Sebuah laporan yang dihasilkan oleh Basis (Asosiasi Olahraga Berkelanjutan Inggris) dan FrontRunners, sebuah organisasi hak asasi manusia, menunjukkan bahwa pemanasan global merupakan sebuah risiko terhadap Olahraga Olimpiade.

Studi ini dihasilkan melalui kolaborasi antara sebelas atlet Olimpiade, ilmuwan iklim, dan ahli fisiologi, dan menyatukan dampak yang dapat ditimbulkan suhu tinggi terhadap atlet tingkat tinggi.

“Planet yang memanas akan menghadirkan tantangan tambahan bagi para atlet, yang dapat berdampak buruk pada performa mereka dan mengurangi kemegahan Olimpiade,” kata Dr. Jo Corbett, profesor madya fisiologi lingkungan di Sekolah Ilmu Olahraga, Kesehatan, dan Latihan di Universitas Portsmouth.

“Kondisi yang lebih panas juga meningkatkan potensi penyakit akibat panas pada semua individu yang terpapar tekanan panas tinggi, termasuk ofisial dan penonton, serta atlet,” tambahnya.

Menurut penelitian, Paris tahun 2024 dapat mengatasi kondisi yang dialami oleh atlet di Olimpiade Tokyo 2020yang kemudian dikenal sebagai “Olimpiade terpanas sepanjang sejarah”, dengan suhu melebihi 34°C dan tingkat kelembapan mendekati 70%. Konsekuensi dari berolahraga dalam kondisi seperti ini termasuk pingsan dan bahkan kematian atlet.

“Bagi para atlet, konsekuensinya bisa beragam dan berdampak luas. Dengan terus meningkatnya suhu global, perubahan iklim harus semakin dilihat sebagai ancaman eksistensial bagi olahraga,” kata Lord Sebastian Coe, presiden World Athletics dan peraih empat medali Olimpiade.

“Berhenti bukanlah sifat bawaan seorang atlet dan jika kondisinya terlalu berbahaya, saya rasa ada risiko kematian,” imbuh pemain rugby sevens Inggris Raya, Jamie Farndale.

Studi ini menghimbau masyarakat olahraga untuk mengatasi kekhawatiran ini dan menerapkan serangkaian rekomendasi yang terinspirasi dari atlet untuk memastikan keselamatan dan kesejahteraan para pesaing.

Rekomendasi pertama menyangkut penjadwalan kompetisi, yang harus dirancang “secara cerdas” untuk menghindari panas ekstrem. Menjaga keselamatan atlet dan penggemar dengan rencana rehidrasi dan pendinginan yang lebih baik juga direkomendasikan.

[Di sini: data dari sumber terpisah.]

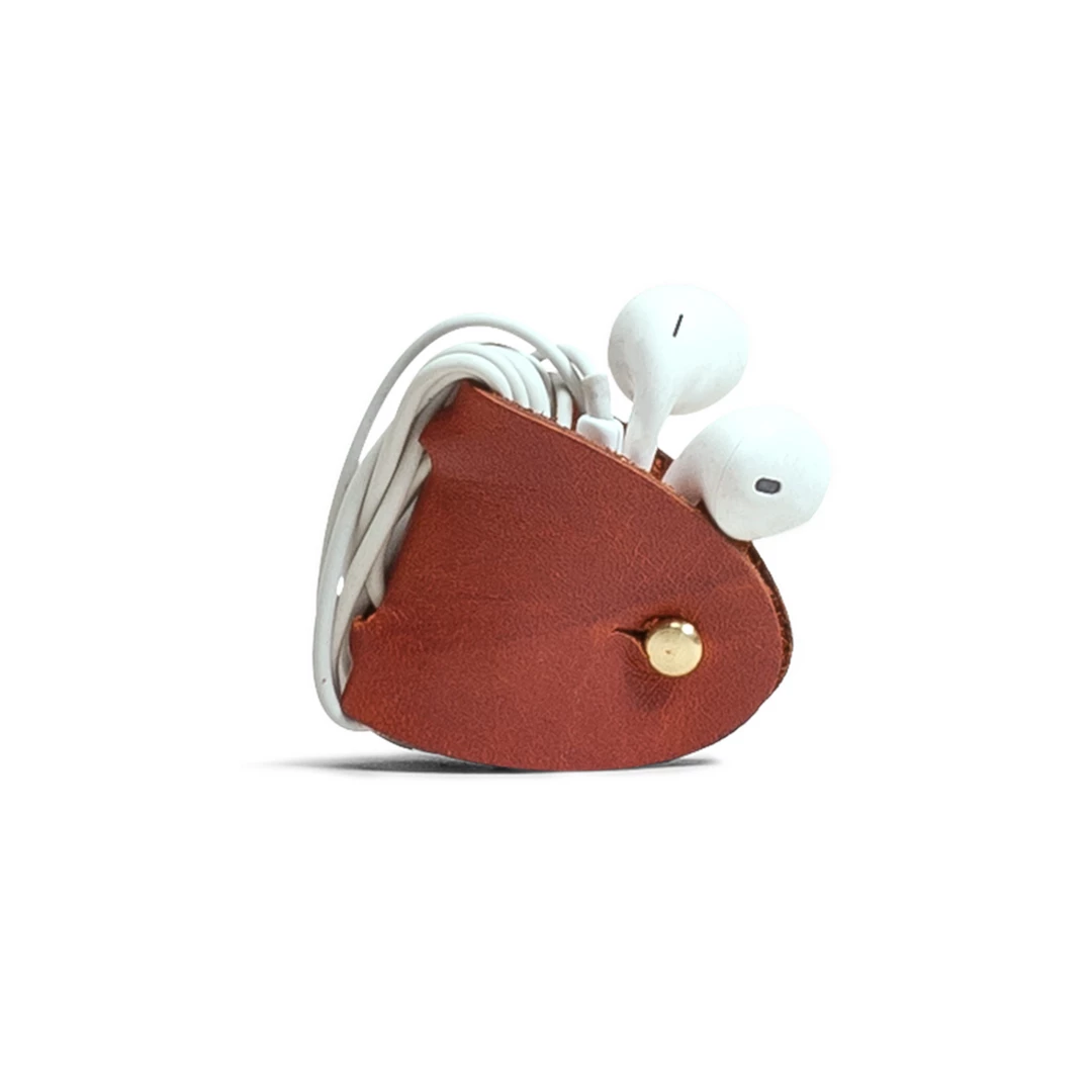 This small folded piece of leather held together with a button is a simple solution to a small, but vexing problem: how to keep headphones, chargers, and cables from getting tangled or going missing.
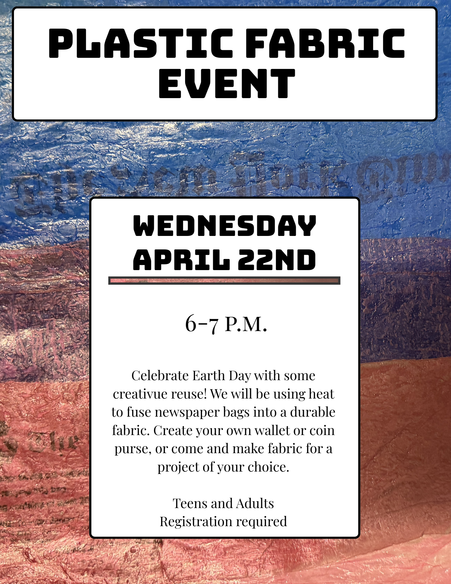Wednesday April 22nd, 6:00-7:00 p.m. Celebrate Earth Day with some creative re-use! We will be fusing together recycled newspaper bags to create a sturdy, flexible fabric that can be made into a wallet or change purse. Blend multiple colors of plastic together to create unique textiles! For adults and teens. Registration required.
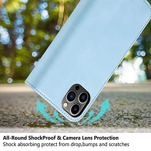 AsileCuir Custodia Compatibile con iPhone 13 Pro 5G 6.1 Pollici Cover Portafoglio a Libro Pelle PU Blocco RFID Porta Carte Supporto Magnetica Antiurto Flip Case,Cielo Blu
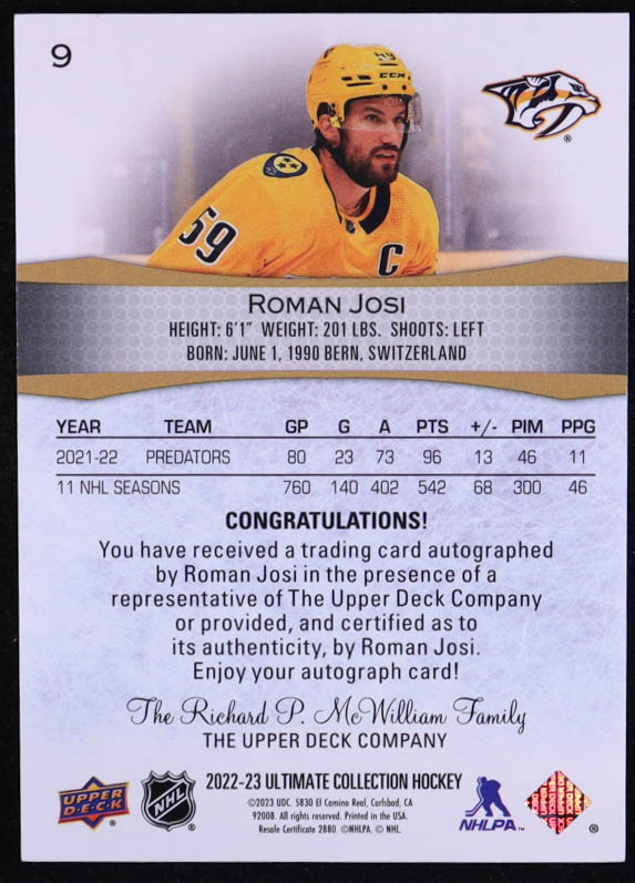 Roman Josi 2022-23 Ultimate Collection Autographs #9
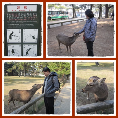 nara2Pagi ini kami berangkat ke Nara. Perjalanan kami tempuh dengan kereta Kintetsu Nara Rapid Express kurang dari 1 jam. Nara adalah kota kecil yang cantik di area Kansai, biasa dicapai dengan one day trip dari Osaka atau pun Kyoto. Nara terkenal dengan rusa yang banyak berkeliaran dengan bebas di taman kota. Jadi lambang kotanya Nara yah rusa. Patung manusia nya pun diberi tanduk supaya menyerupai rusa, hehe..
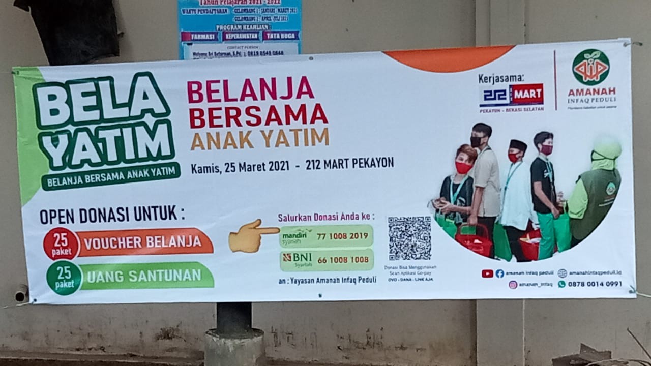 Yayasan Amanah Infaq Peduli yang concern pada anak yatim, telah menyiapkan suatu program sebagai bentuk pembelaan & kepeduliannya, yakni BELA YATIM (belanja bersama anak yatim). Kegiatannya dalam bentuk berbelanja bersama anak yatim untuk paket barang kebutuhannya sehari-hari dan pemberian uang santunannya.
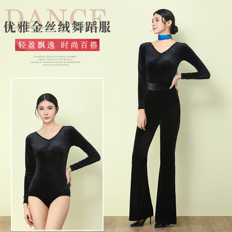 Pakaian latihan injeksi tubuh elegan, pakaian tari persegi elegan, pakaian latihan dansa dewasa, beludru emas
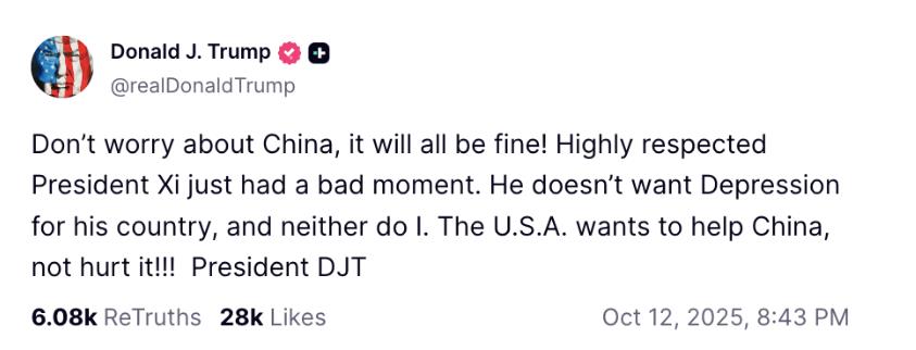美國總統特朗普在Truth Social上的發言引發市場暴跌,又以同樣方式助力市場回升。
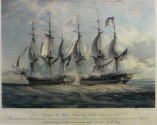 Set of four lithographs produced in 1830 as a collaboration between Captain R.H. King, R.N., the maritime painter J.C. Schetky and the engraver Louis Haghe. Published by Smith Elder & Co. Label of the long established naval and military print dealer The Parker Gallery (est. 1750), of Albermarle Street, London verso. Contained in period ebonised and gilt frames. Accompanied by the original cover for the notes bearing an autograph inscription by the son of Captain Sir Philip Vere Broke - ‘Lord Fitzroy Somerset from Sir Charles Broke Vere KCB June 28 1830’.
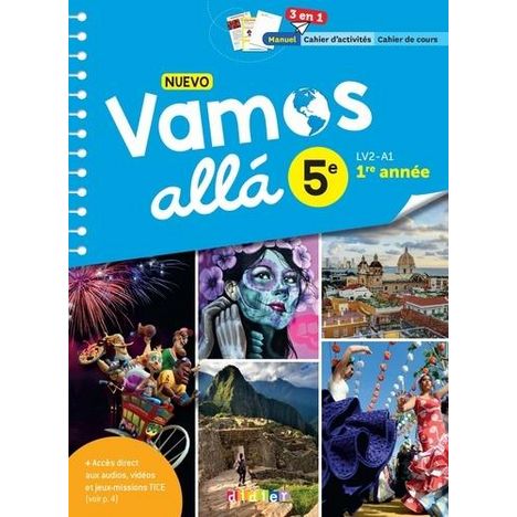 Les manuels-cahiers 3 en 1 pour débuter en Espagnol en 5e : le manuel, le cahier d'activités et la cahier de cours (pour la prise de notes) - Une prise en main simple et rapide pour une approche réaliste qui tient compte du temps de alte - Des documents authentiques, culturels et actuels - La découverte des pays hispanophones et des fêtes à chaque unité - Des activités courtes et ludiques qui encouragent l'autonomie des élèves - Des outils de réinvestissement variés et innovants : nombreux exercices, projets à faire en duo ou en groupe, jeux-missions TICE...
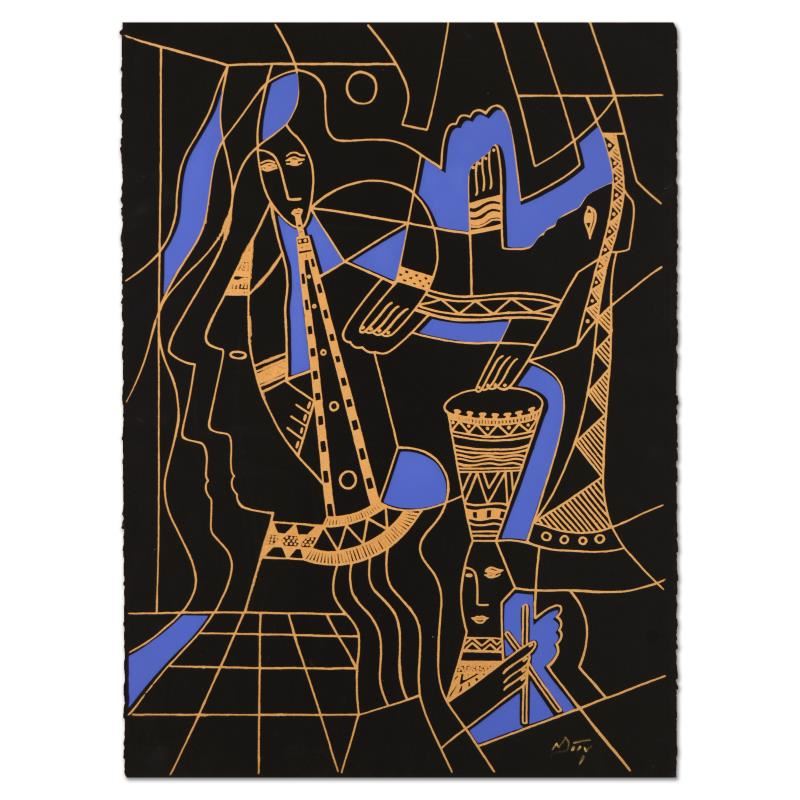 "Night Music" is a serigraph on paper by Neal Doty (1941-2016), hand signed by the artist. Includes Letter of Authenticity. This piece comes from Neal Doty's personal collection and was received directly from Doty's Estate. Measures approx. 22" x 30" (image). Due to the character of the paper and age of this piece, there may be very minor scuff marks on the paper.
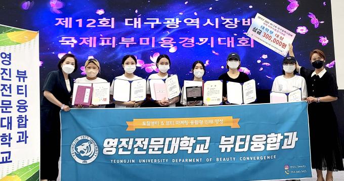 대상을 받은 장민경 학생은 "영진에 입학해 토탈뷰티를 배우며 피부에 대한 호감도가 높아져 이번 대회에 참가했다. 미용 대회 첫 출전이라 매우 떨렸으나, 지도 교수님의 응원 덕분에 자신감 있게 경기를 치렀다. 대상을 받는 순간 대회를 준비한 시간이 떠올랐고, 다시 도약해 전문가로 성장해야겠다는 각오를 되새겼다"고 전했다.
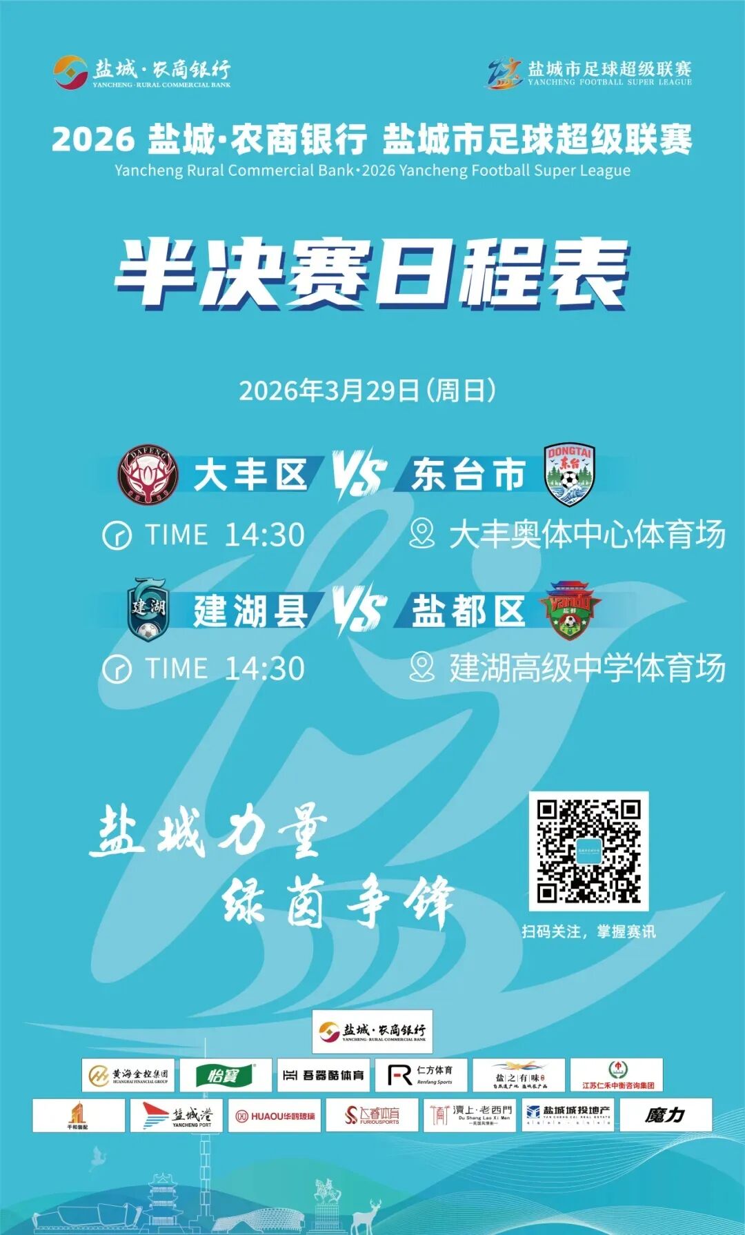 2026盐城市足球超级联赛四强出炉 半决赛3月29日开赛
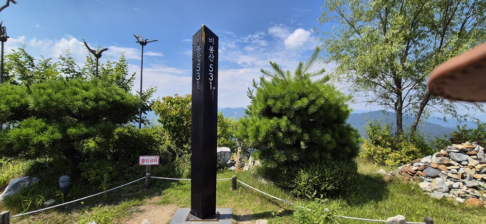 비봉산(531m)은 봉황새가 알을 품고 있다가 먹이를 구하려고 비상하는 모습과 닮았다고 하여 붙여진 이름이다
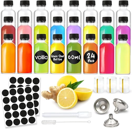 volila Wellness Shot Flaskor - 24 Pack Ingefära Shot Flaskor med Lock 60 ml - Läckagesäkra Glasflaskor med Lock som Juicflaskor, Kylskåpsflaskor, Andra - Tratt, Etikett och Krympfilm ingår
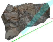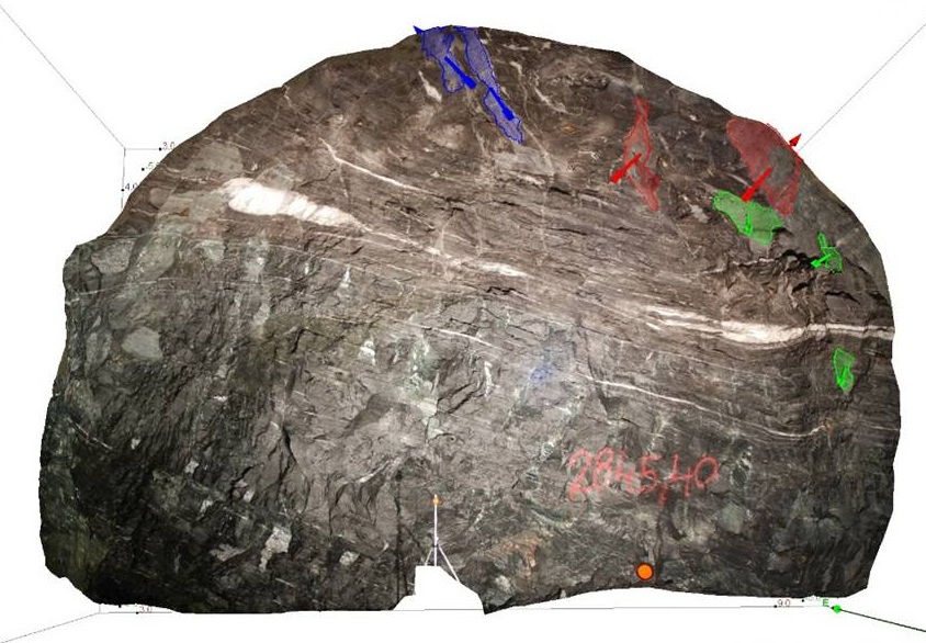 Figure 2: 3D image of 15 m wall taken in an open pit together with measured discontinuity orientations as
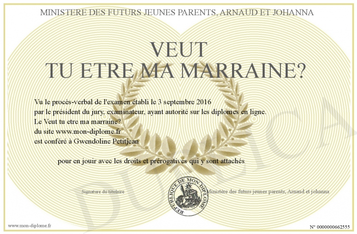 Envoyez par email votre Veut tu etre ma marraine? personalisé
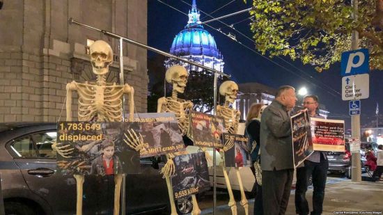 Двое бандеровцев с тремя манекенами пикетируют концертный зал в Сан-Франциско
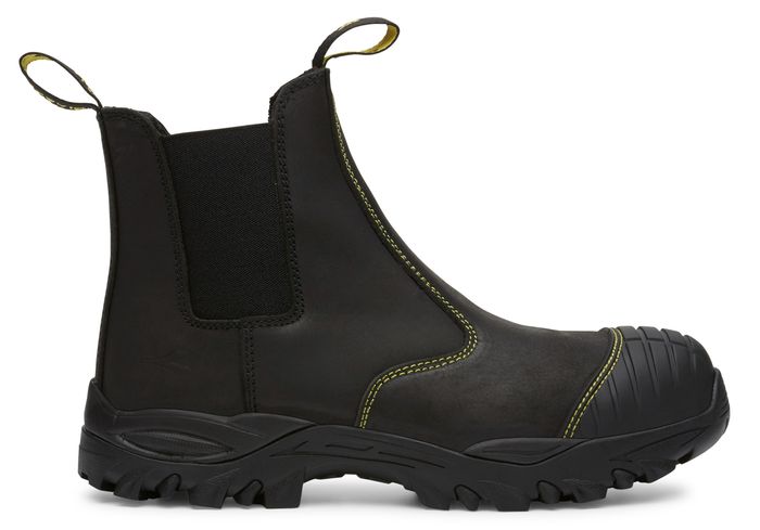 This anti-penetration kevlar lined, water resistant safety boot is a great option for a variety of environments. It has features galore with a water resistant nubuck upper, lightweight 200J impact resistant composite toe cap, phylon midsole for enhanced cushioning, external TPU scuff resistant bump cap for increased durability, a padded PU insole with Anti-Static properties and nitrile rubber outsole that is resistant to 300°C. The Craze Slip on has a Kevlar insole for protection from sharp things under your feet with an outsole with slip resistant properties and heel energy absorption.
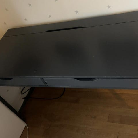 Fint skrivbord med smart förvaring. Björk plywood. Dansk design och tillverkning.
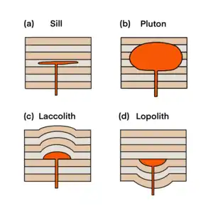- 1 2 3 4 Galland, O.; Bertelsen, H. S.; Eide, C. H.; Guldstrand, F.; Haug, Ø. T.; Leanza, Héctor A.; Mair, K.; Palma, O.; Planke, S. (2018-01-01). "Storage and Transport of Magma in the Layered Crust—Formation of Sills and Related Flat-Lying Intrusions". In Burchardt, S. (ed.). Volcanic and Igneous Plumbing Systems: Understanding Magma Transport, Storage, and Evolution in the Earth's Crust. Elsevier. pp. 113–138. doi:10.1016/b978-0-12-809749-6.00005-4. ISBN 978-0-12-809749-6. Retrieved 2021-11-12.
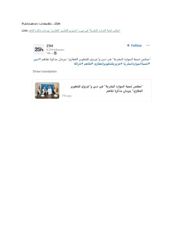 Publication: LinkedIn – 25H Link: مهافت ةركذم نامربي ”يراقعلا ريوطتلل يزيزع”و يبد يف ”ةيرشبلا دراوملا ةيمنت سلجم“

Laporan tersebut menyatakan bahwa atlet harus memiliki suara aktif dalam diskusi tentang perubahan iklim global, yang merupakan rekomendasi ketiga. Saran keempat adalah kolaborasi yang lebih besar antara lembaga olahraga dan atlet dalam kampanye kesadaran tentang skenario pemanasan global.

Akhirnya, penelitian ini menyarankan untuk menilai kembali sponsor bahan bakar fosil, yang disebut sebagai kontributor utama gelombang panas yang tercatat dalam beberapa bulan terakhir.

Bereaksi

Laporan tersebut mengumpulkan beberapa kesaksian dari para atlet yang menunjukkan dampak gelombang panas terhadap kesehatan para atlet. Pemain tenis Selandia Baru Marcus Daniell, yang meraih medali perunggu Olimpiade, berbagi pengalamannya di Tokyo 2020.

“Dalam [Olimpíadas de Tóquio] Saya merasa panasnya hampir membahayakan, yang bisa berakibat fatal. Salah satu pemain tenis terbaik di dunia [Daniil Medvedev] mengatakan dia mengira seseorang mungkin akan meninggal di Tokyo, dan menurut saya itu bukanlah suatu lebihan yang besar,” kenangnya.

“Kadang-kadang kami harus bermain dalam kondisi di mana telur bisa benar-benar gosong di lapangan. Itu tidak menyenangkan atau sehat. Sengatan panas relatif umum terjadi dalam tenis,” tambahnya.